TORONTO — Women in predominantly female job sectors must have access to a suitable male comparison group in order to ensure their pay is fair, and stays that way, Ontario’s top court ruled on Tuesday.
In a pair of related decisions, the Court of Appeal found in favour of employees of for-profit nursing homes — an almost exclusively female domain.
At issue was how to ensure the women, after initially achieving pay equity, can ensure they keep receiving fair compensation.
“You don’t get a pay equity decision and it’s all wrapped up in a bow and you’re done,” said Vicki McKenna, president of the Ontario Nurses Association. “You have to maintain it.”
The case involved 143 for-profit long-term care homes, backed by the Ontario government, and two unions — the nurses association and Service Employees International Union — which represent several thousand mostly female workers in the facilities.
Ontario’s Pay Equity Act aims to remedy systemic gender discrimination in terms of pay in predominantly female occupations. This is normally done by comparing male and female job classes.
The problem for the nursing homes, however, is the absence of comparable male groups. In such cases, the legislation provides a “proxy” method that involves looking at comparable women elsewhere who have achieved pay equity with men.
The for-profit nursing homes began in 1994 to use the municipally run Municipal Homes for the Aged for comparison purposes. After extensive negotiations, parity was achieved in 2005.
Since then, however, the unions argue pay equity at the for-profits has eroded, sparking the lengthy legal battle.
The unions turned to the province’s Pay Equity Hearings Tribunal, which in January 2016 came up with a compensation formula after finding the act did not require an ongoing comparison group.
On appeal to Divisional Court, the unions insisted the proxy method should be used on an ongoing basis. For their part, the nursing homes argued the proxy method only applies to establishing pay equity in the first place but not to maintaining it.
In 2019, Divisional Court decided the tribunal’s decision was unreasonable. It found the act did indeed mandate ongoing use of the proxy method to maintain pay equity, and sent the matter back to the tribunal to hammer out how that should happen.
In its 2-1 ruling Tuesday, the Court of Appeal agreed with the lower court that the tribunal’s decision had been unreasonable.
“The text, context, scheme and purpose of the act make it clear that ongoing access to male comparators through the proxy method is required to maintain pay equity,” the Appeal Court said.
In a dissenting opinion, Justice Grant Huscroft praised the tribunal’s decision in making sense of an “extremely complicated” legislative scheme.

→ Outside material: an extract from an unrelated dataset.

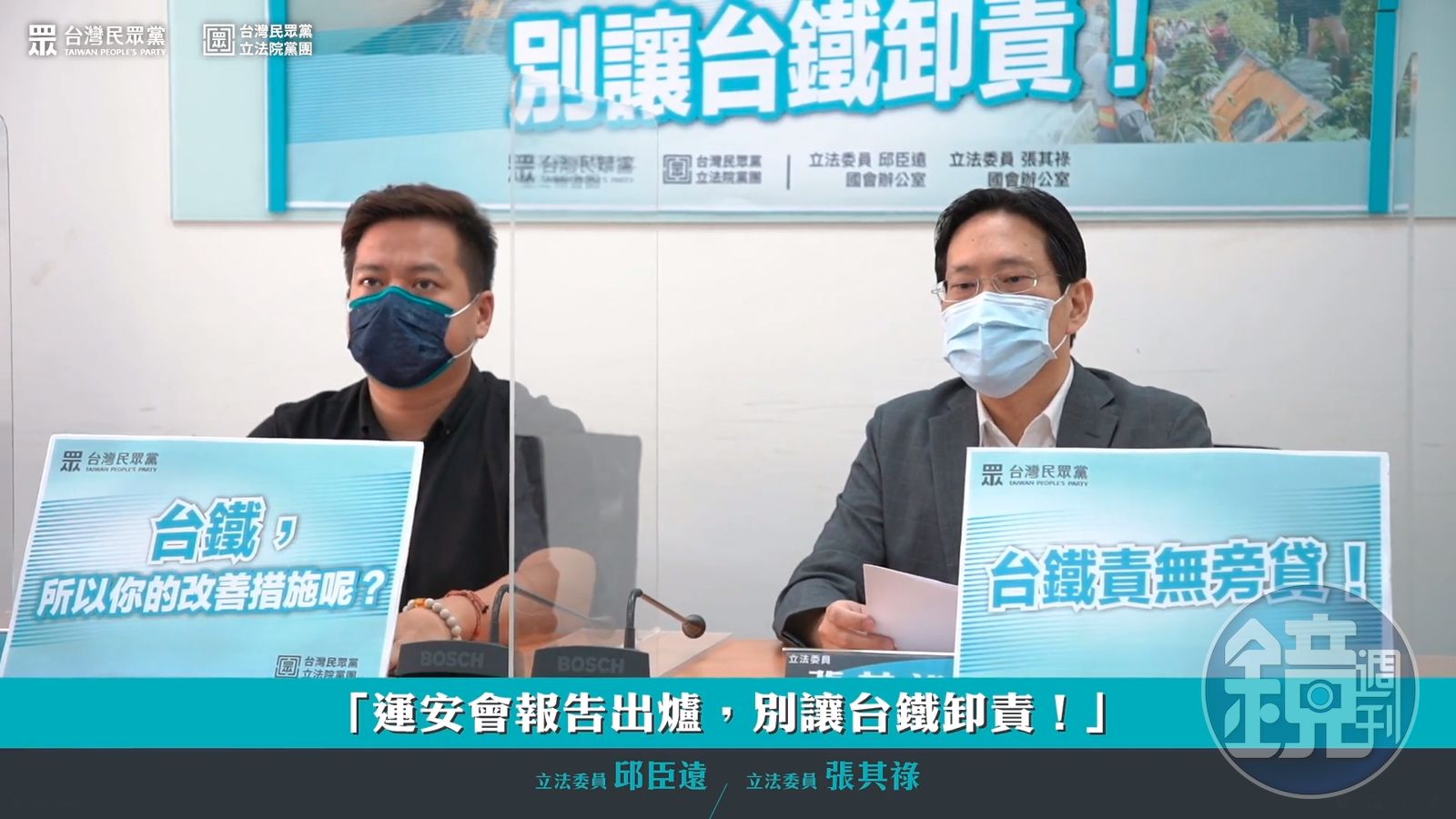 民眾黨指出,台鐵若對運安會的改進建議事項置之不理,運安會也束手無策,立委邱臣遠呼籲,政府應該要將台鐵的改善措施、進度公布於網站上,供全民監督。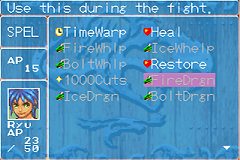 Breath of Fire 2 is another one of the author's favorite RPGs from the 1990s. The early Breath of Fire games weren't anything particularly new (character-development-wise), but they were well executed and fun to play, and definite creativity was demonstrated in different character's abilities. Every character can do something nifty to help out your team, and the party lineup can be organized differently in battle via different attack formations, which have varying affects on the attack/defense/speed of each combatant. The Breath of Fire series catapulted non-humans into central, heroic roles (Breath of Fire was the first game that the author remembers that memorably did this). And lastly, building a new town was an incredible feature, and gave the player a sense that they were really are making their own destiny and affecting the game world.Screenshots

“The decision reflects the tribunal’s considerable expertise,” Huscroft said. “It is entitled to deference from this court.”
Nevertheless, McKenna said she was thrilled with the Appeal Court decision. She called for an end to the 15 years of litigation and a resolution to the underlying equity problem.
“It’s time to end this battle,” McKenna said. “Think of the cost of these ongoing litigations over these years, what that has cost the homes, what that has cost the government. To what end?”
Neither the Ministry of the Attorney General nor nursing homes had any immediate comment.